Java Concurrency in Practice: Reading Notes [1]
Before we talk about good practice, we should ask ourselves: why we need java concurrency? The problem I come across really needs to be solved by concurrency?
As a developer, I did some coding using concurrency and my lesson is that before put your head down the concurrency details, ask yourself the strengths and drawbacks of using threads first.
What thread concurrency brings us?
I would say, all engineering level coding can be solved serially but it’s just too slow in some cases. For example, if you’re implementing an Android app, you don’t want those compute-intensive methods to be called in the UI thread because that would affect the UI responsiveness. Similarly, if 100 millions files are required to process and those files are independent, an obvious solution is to process files in parallel. The above performance gain with thread concurrency is from the power of CPU multi-core processors and also the benefit of the shard data space among threads.
What are drawbacks of threads?
Just as the light has shadow, the strength of threads also has side effects. first, threads takes advantage of multiple cpus, but context switching across threads can be huge. I once did a project where for an independent task like this:
public void independentTask(Object obj1, Object obj2) {
boolean satisfyCondition = precondition(obj1, obj2); if (satisfyCondition){ return;
} else { longCompute(obj1, obj2); }}
The above task will be run one million times. My initial implementation is to have a thread pool and then the task will be submitted to the pool. However, the performance is even worse than serial execution where you put the task in a loop. I did some research and found out most imputs(obj1, obj2) can’t satisfy the precondition and the task would return early. This indicates that the threads in the pool need to do frequent context switch and the time to submit new task and switching exceeds the task running time and thus the performance is worse.
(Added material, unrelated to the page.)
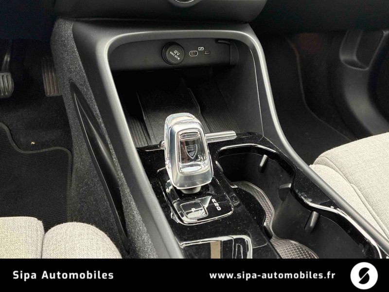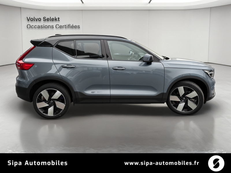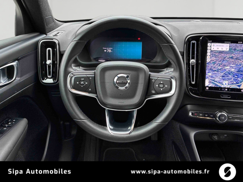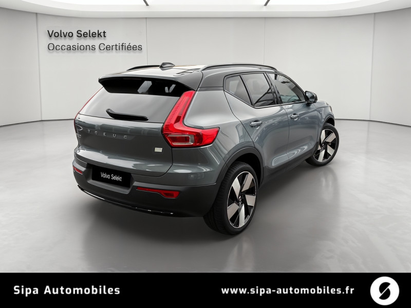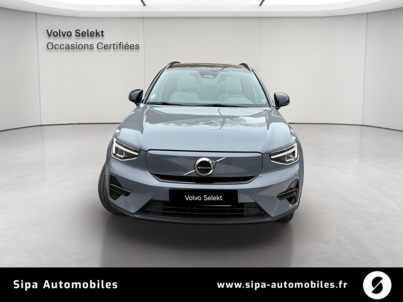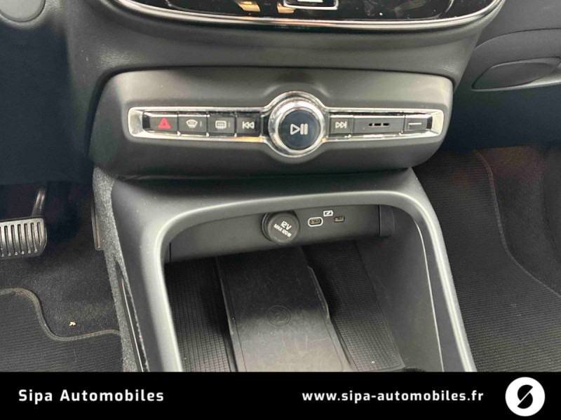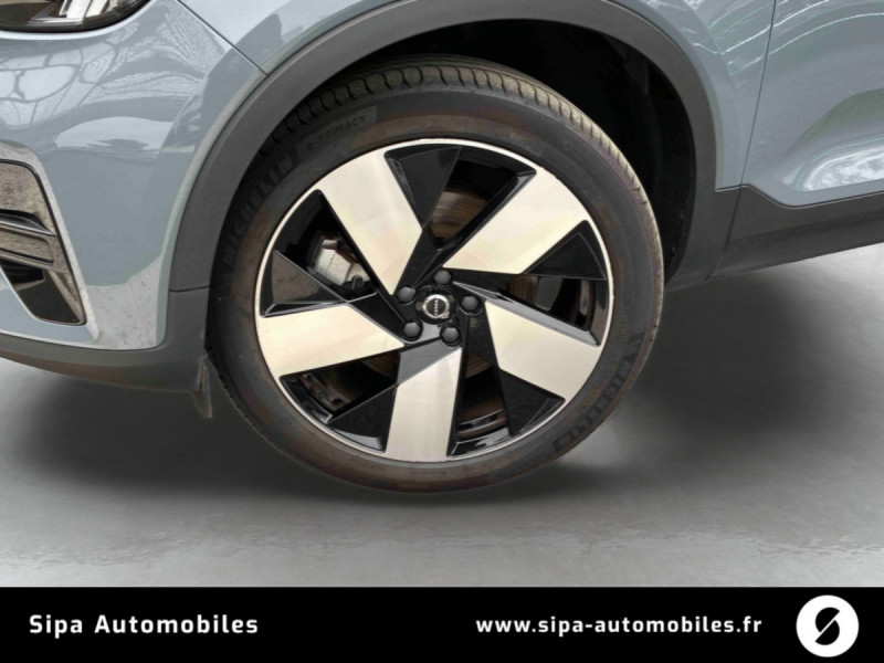 CleanZone : Filtre charbon de climatisation multi-actif (limite l'entrée de pollen, de particules de pollution et de mauvaises odeurs en fermant automatiquement les arrivées d'air si nécessaire) et fonction pré-ventillation / Climatisation automatique bi-zone (incluant ouïes d'aération à l'AR) / Déclenchement automatique des feux de detresse lors d'un freinage d'urgence / Envoi automatique d'une alerte au service d'urgence Volvo en cas de collision / Fonction climatisation de l'habitacle moteur coupé / Frein de parking électronique automatique en fonction Auto Hold (désactivable) / Freinage automatique post-collision (réduction du risque de suraccident) / Incrustations Aluminium / Jantes alliage 19" 5 branches Graphite Mat/Diamant AV 235/50 R19, AR 255/45 R19 / Phares LED avec feux de jour design marteau de Thor et feux de route adaptatifs / Pommeau de levier de vitesse gainé de Simili-Cuir / Pré-câblage électrique pour le crochet d'attelage / Seuil de coffre en Aluminium / Seuils de portes AV Volvo en Aluminium / Télécommande de verrouillage centralisé avec clé de contact intégrée, fermeture à distance des vitres et du toit ouvrant et fonction panique / Verrouillage automatique des portes à partir de 7 km/h / Volant sport avec insert Aluminium / 2 porte-cintres / Accès au service d'assistance Volvo via bouton dédié dans le plafonnier / Accès au service d'urgence Volvo via bouton SOS dans le plafonnier / Airbag passager désactivable avec témoin d'indication (on/off) / Airbags conducteur et passager à déclenchement différencié / Alerte vigilance conducteur / Application Volvo Cars sur smartphone iOS ou Android / Assise des sièges AV extensible manuellement / Assistance à l'évitement des piétons et des cyclistes / Badge Recharge sur le hayon / Bas de caisse et passages de roues Anthracite / Calandre AV pleine couleur carrosserie / Ceintures de sécuritéà inertie à 3 points d'ancrage (sur les 5 sièges) / City Safety, système d'anticipation de collision intelligent / Coffre sous le capot AV d'une capacité de 31 litres / Combiné d'instruments digital 12,3" / Contrôle de la transmission en descente HDC / Coques de rétroviseurs Noir brillant / Corbeille intégrée et amovible au niveau du tunnel central AV / Crochet pour sacs intégréà la boîte à gants / Câble de recharge de 7 mètres / 10 A. Pour prise secteur / Deuxième câble de recharge Type 2, 4.5 mètres, 32 A triphasé (fonctionne en monophasé) Pour borne de recharge / Diffuseur AR Noir laqué / Direction assistée asservie à la vitesse / Eclairage d'accompagnement et éclairage d'approche / Ecran tactile multimédia haute résolution 9" personnalisable / Espace de rangement sous la console centrale / Fonction Eco : optimisation des paramètres véhicule pour une conduite économique et écologique (à la demande) / Gravure Recharge sur les montants AR / Indicateur de perte de pression des pneus / Infotainment Google Android Services Google (comprend Google Maps, Google Assistant, Google Play Store, chargeur smartphone par induction et un volume de données illimité pour les 4 premières années) et Kit mains libres Bluetooth et Streaming Audio, mode d?emploi numérique du véhicule, réception de la radio numérique (DAB+), mises à jour Over the Air (OTA). / Kit anti-crevaison / Matériaux anti-allergènes dans l'habitacle (sellerie tissu, ceintures de sécurité, incrustations) / Miroirs de courtoisie éclairés, spots de lecture à l'AV et éclairage dans le coffre / Mise à jour du système à distance / Pare-brise en verre feuilleté et colonne de direction rétractable en cas de choc / Parties inférieures des vitres noir brillant / Pneus toutes saison / Port de recharge sur l'aile AR gauche et connecteur charge rapide (jusqu'à 150 kW) / Porte-cartes bancaires et cartes de services intégré dans la planche de bord / Protections de pare-chocs AV et AR Noir brillant / Préparation pour le système Isofix (places latérales de la 2ème rangée de sièges) / Rappel d'oubli de bouclage des ceintures de sécurité AV et AR / Réglage en hauteur manuel des ceintures AV / Rétroviseurs couleur carrosserie avec partie inférieure noir / Rétroviseurs intérieur (sans contour) et extérieur électrochrome / Sabots de protection AV et AR Noir / Siège conducteur et passager avec réglage manuel de la hauteur / Sièges conducteur et passager avec réglage manuel de la longueur, de l'inclinaison du dossier et de l'assise / Sièges conducteur et passager avec réglages électriques des supports lombaires / Sonde de température extérieure et horloge / Système audio Volvo High Performance avec technologie air woofer au niveau de la console centrale 250 W, 8 HP, radio numérique terrestre, prise 12 V et 2 ports USB C à l'AV / Système de contrôle de la stabilité et de la traction STC / Système de contrôle du freinage du véhicule VDC / Système de protection anti-sortie de route / Système de protection collision frontale : Détection du risque de collision frontale (de 65 à 140 km/h) avec action corrective sur la direction / Système de protection contre le coup du lapin WHIPS (sièges AV) / Système de protection contre les chocs latéraux SIPS / Système de protection en cas de sortie de route / Système de pré-conditionnement de l'habitacle (chauffage) / Système de réglage en hauteur des phares / Système intelligent d'information au conducteur IDIS / Tapis de sol premium / Trousse de 1er secours et triangle de présignalisation / Tunnel de la console centrale Noir brillant / Verrouillage de sécurité enfant manuel / Vitres AV et AR électriques à impulsion (montée et descente) avec système anti-pincement

A takeaway from the above project is that not all independent tasks need to be run concurrently. Quick return tasks could be very fast in a for loop without multiple threads at all.
How to determine this task needs concurrency? Measure and priori knowledge. you can do simple instrumenting in the code such as probing active threads and tasks in the pool frequently to measure the rough performance, or you can use some open source /commercial tool to monitor the CPU/memory usage, etc. measure is the source of condense and the best way to benchmark the performance. The other one is priori knowledge. In the project mentioned above, if know most tasks couldn’t satisfy precondition and return early in advance, I wouldn’t bother optimizing it.
Secondly, the shared data space increases the overhead in development and QA. A classical example is as below:
class A {int val = 0;public void incrementVal() {val++;}}
If multiple threads share an instance of class A, then there’re high risks that the variable val would be mutated at the same time and this could causes weird bugs. Unit tests and manual QA are hard to find this kind of bugs because it’s happening randomly with accidental timing.
There’re a lot of ways in Java to manage the shared data access in concurrent scenario and I will share it in later blogs.